In evaluating the number of antisense DNA accumulating per cell, Zhang et al. observed statistically higher accumulation of antisense DNA in cancer cells compared to control DNA[82]. From the information derived from in vitro cell culture experiments such as the number of cells incubated with the radiolabeled probe and its specific activity values, they calculated that the specific accumulation of the radiolabeled antisense DNA molecules in each cell were higher (by few orders of magnitude) when compared to the steady state target mRNA concentrations. The number of target mRNA was assumed to be in the range of ~1–1000 copies per cell. In another study corroborating the results obtained above, an eleven fold higher accumulation of 111In-labeled PNAs was observed in Raji cells that overexpressed bcl-2 mRNA in comparison to their accumulation in U937 cells that do not express the bcl-2 target mRNA. However in this study a transduction peptide (PTD-4) was conjugated to the radiolabeled probe in order to facilitate its delivery[16]. Irrespective of this modification, the study does support the antisense effect of the radiolabeled probe (wherein the corresponding accumulation was found to be >2000 antisense molecules per cell)[16]. Along these lines, the practicability of antisense oligonucleotide for in vivo imaging was elegantly demonstrated by Dewanjee et al. using mouse xenograft models[17]. This result strengthen the proof of concept of antisense mechanism in vivo and the feasibility of radiolabeled antisense probes as targeting tools for in vivo imaging.

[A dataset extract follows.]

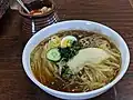 The raengmyon from Hamhung can be separated into two types: bibim-raengmyon, served without broth but mixed with chili paste, and mul-raengmyon, served in a clear broth that typically combines beef broth with dongchimi (radish water kimchi).[19][20][21] While the broth is different, the strength of Morioka reimen is close to that of Hamhung raengmyon but with thicker noodles.

The research in Hnatowich’s lab has in principle been able to address some of the critical issues with regard to the feasibility and mechanism of localization for antisense oligonucleotide imaging probes and their degree of accumulation in both cell cultures as well as in animal models[103105]. For instance, in cell culture studies statistically significant increased accumulation of the radioactive antisense DNA probes in LS174T colon cancer cells[82], ACHN kidney cancer cells[82], and 231 breast cancer cells[106] were observed[82, 106]. They also evaluated the specific uptake by antisense mechanism, by performing a blocking control study [82]. For this purpose the ACHN cells were incubated with radiolabeled antisense DNA after prior incubation with increasing concentration of unlabeled antisense DNA (from 7–100nM) [82]. It was observed that the accumulation of radiolabeled antisense DNA decreased in dose dependent manner in comparison to a control study in which the accumulation of radiolabel sense DNA with increasing concentration of unlabeled sense DNA was assessed under the same conditions[82]. To further support the observed antisense mechanism, Nakamura et al. performed a study to evaluate the accumulation of the radiolabeled antisense DNA in KB-G2 multidrug resistant cells (MDR++) in comparison to KB-31 (MDR+) controls, both in cell culture experiments and in animal tumor models[104, 105]. They found convincing evidence for the antisense mechanism from both studies[104, 105]. For instance, they observed high accumulation of the radiolabeled antisense DNA in KB-G2 multidrug resistant cells (MDR++) cells in comparison to KB-31 (MDR+) controls in animals bearing tumors[105]. From the above positive observations it can be concluded that antisense oligonucleotides does seem to have promising potentials for targeting in vivo imaging warranting further investigations.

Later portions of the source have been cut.